ROCm / rocPRIM

ROCm Parallel Primitives
https://rocm.docs.amd.com/projects/rocPRIM/
MIT License
162 stars 69 forks source link

rocPRIM reduction (block_reduce_int) issue #389

Closed hokkanen closed 1 year ago

hokkanen commented 1 year ago

Describe the bug My simple reduction kernel that uses block_reduce_int() produces incorrect results with rocPRIM release branches 4.4+. Release branch 4.3 works fine. The same code compiles and runs fine with HIP on V100 and A100 based NVIDIA systems (CSC Puhti and Mahti supercomputers). I'm not 100% positive it is rocPRIM side issue but looks like it.

To Reproduce Compiling and running https://github.com/hokkanen/rocprim_issue/blob/master/hipcub_demo.cpp with rocPRIM release branches 4.4+ (see lines 14 and 17 to include the rocPRIM header) on Lumi supercomputer produces the issue.

Expected behavior I expect to see the following:

The results calculated by GPU = 499500 and CPU = 499500 match!

Instead, I see this:

The results calculated by GPU = 460320 and CPU = 499500 do not match!

Environment environment.txt

Maetveis commented 1 year ago

In the reproducer, on the last block of the launch, block_reduce won't be called by all threads in the block.

rocPRIM's block collective primitives must be called in block-uniform control flow, otherwise they might hang (the block algorithms are allowed to contain __syncthreads) or otherwise produce incorrect results. This applies to CUB as well, so the reproducer probably just happens to work on CUB (will probably fail with a larger blocksize).

Can you try with the following modification?

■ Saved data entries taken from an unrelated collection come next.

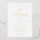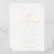 Un faire-part de mariage simple et chic en feuille d'or pressé avec des détails de calligraphie de script élégants et du texte classique. Cliquez sur le bouton Modifier pour customiser cette conception.
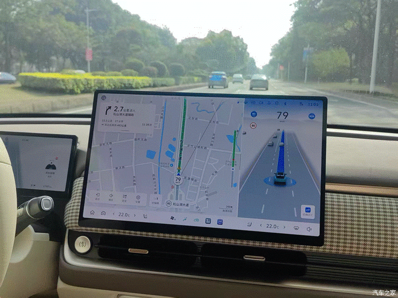简单开了一段,感觉这车挺轻快的,加速减速都平顺,没什么顿挫感。在慢速路段开了巡航,车速和车道保持得都还行。一开始我没搞懂怎么开NOA,销售说了才知道,挡杆往下拨两下就行。打开之后屏幕上NOA指示灯就亮了,我发现它识别东西还挺准的,行人、小车、大车都能分辨。碰到开得慢的车,它也会自己超过去,过弯道、进匝道会自己减速,方向盘把得也挺稳。要出主路的时候,它会提前变到最右边车道,这点挺聪明。让我觉得比较实在的是,它不怎么抢行——比如过红绿灯,它会等前车动了才跟上,而不是绿灯一亮就冲,虽然反应慢一点,但感觉更稳妥。
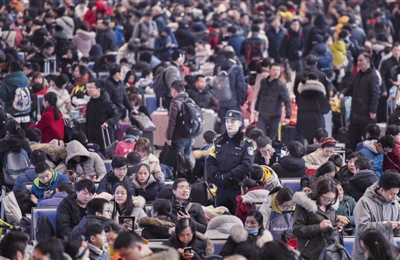 2月10日,武汉铁路民警周晨宇在武汉站候车室值勤。武汉站、武昌站、汉口站全天预计发送旅客超过30万人。
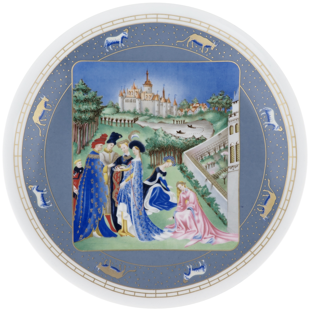 Джин Датейл "Апрель. Счастливые времена герцога Жана де Берри", коллекционная декоративная тарелка. Фарфор, деколь, подрисовка, золочение. Limoges, Франция, 1977 год
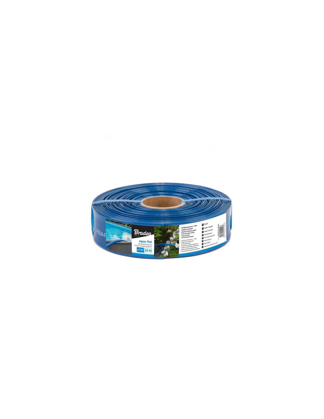 Шланг плоский Bradas Aqua-Flat, PE/EVA 1 1/4 дюйма, 20 метрів - призначений та використовується для перекачування/відкачування брудної та чистої води. Шланг ідеально підходить для використання з електричними та паливними мотопомпами. Може використовуватись із занурювальними насосами. Шланг виготовлений із високоякісного м`якого ПВХ. Представлений у синьому кольорі. Робочий тиск: 1 бар. Діаметр загальний – 1 1/4 дюйми або 32 мм. Гарантія – 12 місяців. Країна-виробник - Польща.
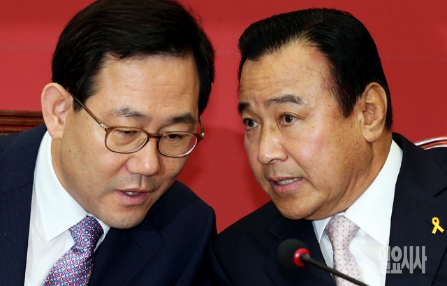이완구 새누리당 원내대표(오른쪽)와 주호영 정책위의장이 9일 서울 여의도 국회에서 열린 비상대책위원회의에서 대화하고 있다.
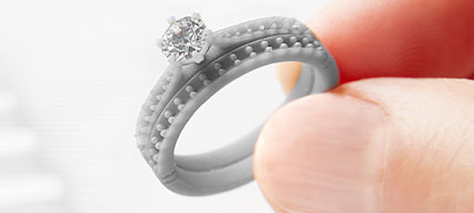 Interested in trying out materials and printing methods for your jewelry needs? Dynamism's online 3D Stereolithography, SLS and FFF printing service is fast and easy. Get started your 3D printed samples today.
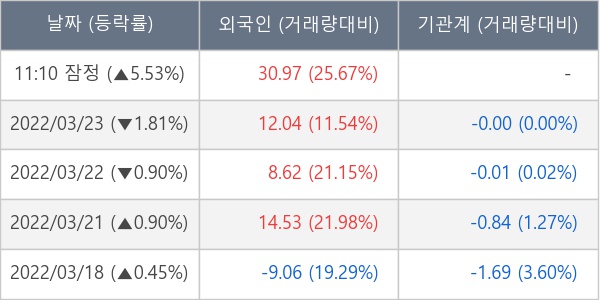 [표] 외국인ㆍ기관 순매매량 (단위 만주)
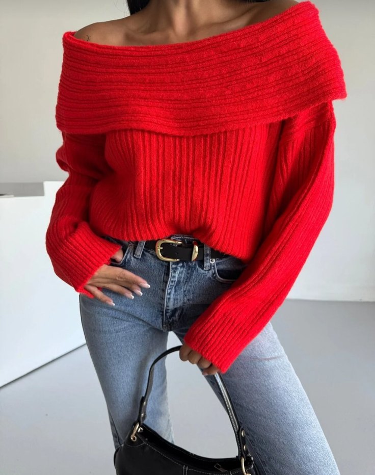 Kayık yaka ve bol kesimli kırmızı örgü kadın kazak, günlük sokak stili için uygundur. Normal uzunlukta, rahat ve sıcak dokusu vardır.6 renk mevcuttur.
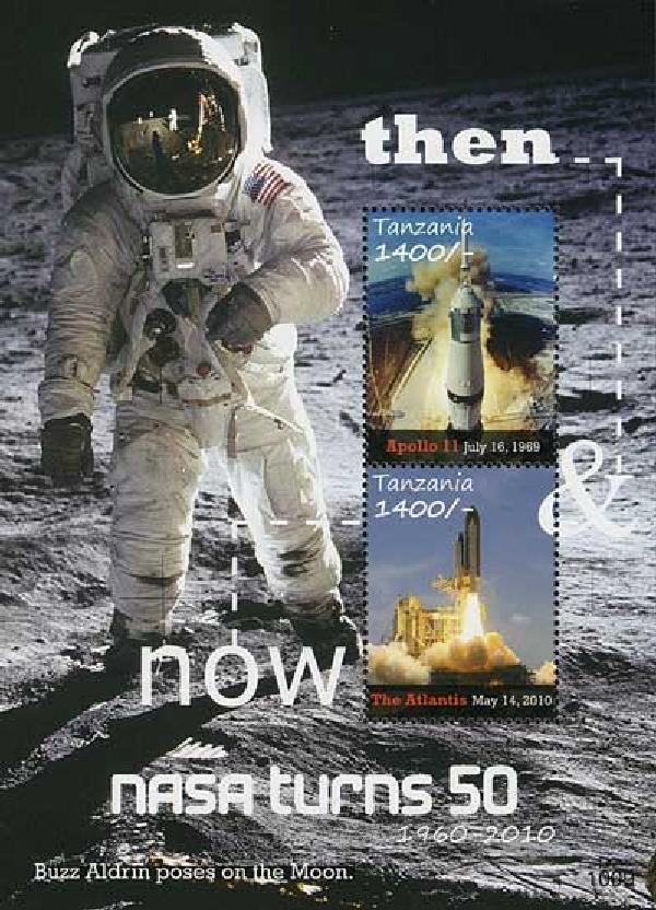 Amerika gebruikte de beroemde foto van Aldrin voor hun 50 jarige herdenkingszegel van 2019. Op de helm van Aldrin is Armstrong (fotograaf) te zien en de maanlander. Overigens niet erg origineel want andere landen gebruikten dezelfde foto voor hun eerdere uitgiften. Op de tweede USA zegel is met witte punt aangegeven op de maan de landingsplek ‘Sea of Tranquility’.
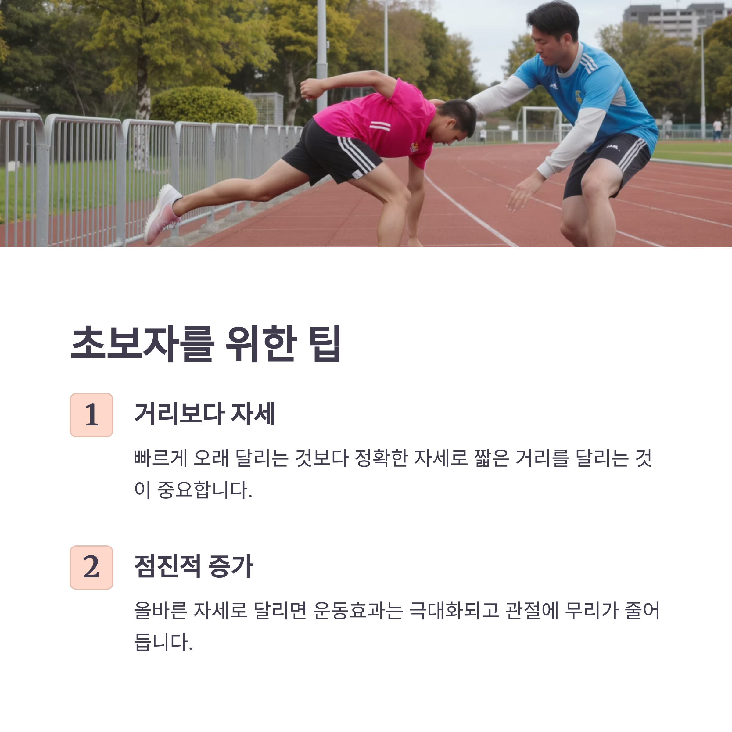 초반에는 빠르게 오래 달리는 것보다 정확한 자세로 짧은 거리를 달리는 것이 훨씬 중요합니다. 이렇게 하면 운동효과를 극대화하면서도 관절에 무리가 가지 않아 장기적으로 운동을 지속할 수 있습니다.
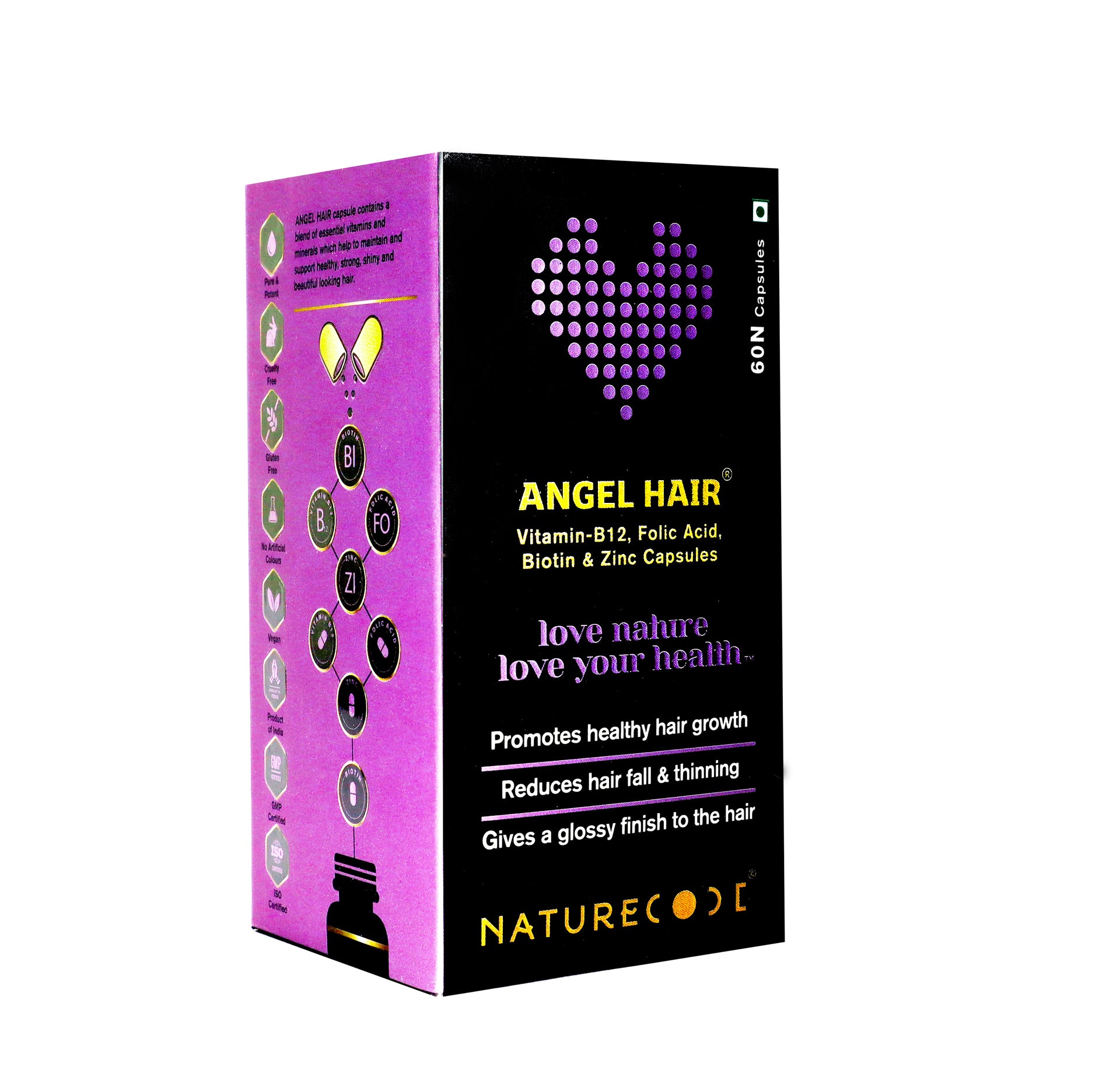 Nature Code Angel Hair Capsule is an advanced herbal hair growth formation that provides essential nutrients to make your hair thick and healthy, softens your hair and provides lustre to hair. These capsules help to get rid of dandruff, fungal infection on the scalp, hair loss and help to regrow hairs. This formulation helps to get control greying hair and other hair related problems. It helps to heal your damaged hair from root to tip. It naturally boosts your hair growth.
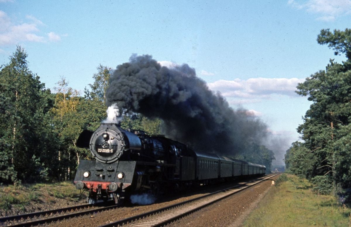 Bild 6: DR 03 0085 bei Eberswalde (1976) mit dem Schnellzug Stralsund-Berlin.
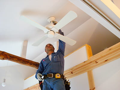 天井にはS様リクエストのシーリングファンを設置しました。 取り付け位置や高さもS様のご希望どおりです。

// Local storage for the thread summation value
int thread_sum = 0;
// Check loop limits
if (idx < loop_size) {
  // Evaluate the loop body, the summation value is stored in thread_sum
  loop_body(idx, thread_sum);
}

// Compute the block-wide sum (aggregate) for the first thread of each block
#if USE_HIPCUB == 1
  int aggregate = BlockReduce(temp_storage).Sum(thread_sum);
#else
  int aggregate;
  block_reduce_int().reduce(thread_sum, aggregate, temp_storage, rocprim::plus<int>());
#endif

// The first thread of each block stores the block-wide aggregate to 'sum' using atomics
if(threadIdx.x == 0) 
  atomicAdd(sum, aggregate);
hokkanen commented 1 year ago

Thanks, this indeed fixed the issue. Thanks a lot.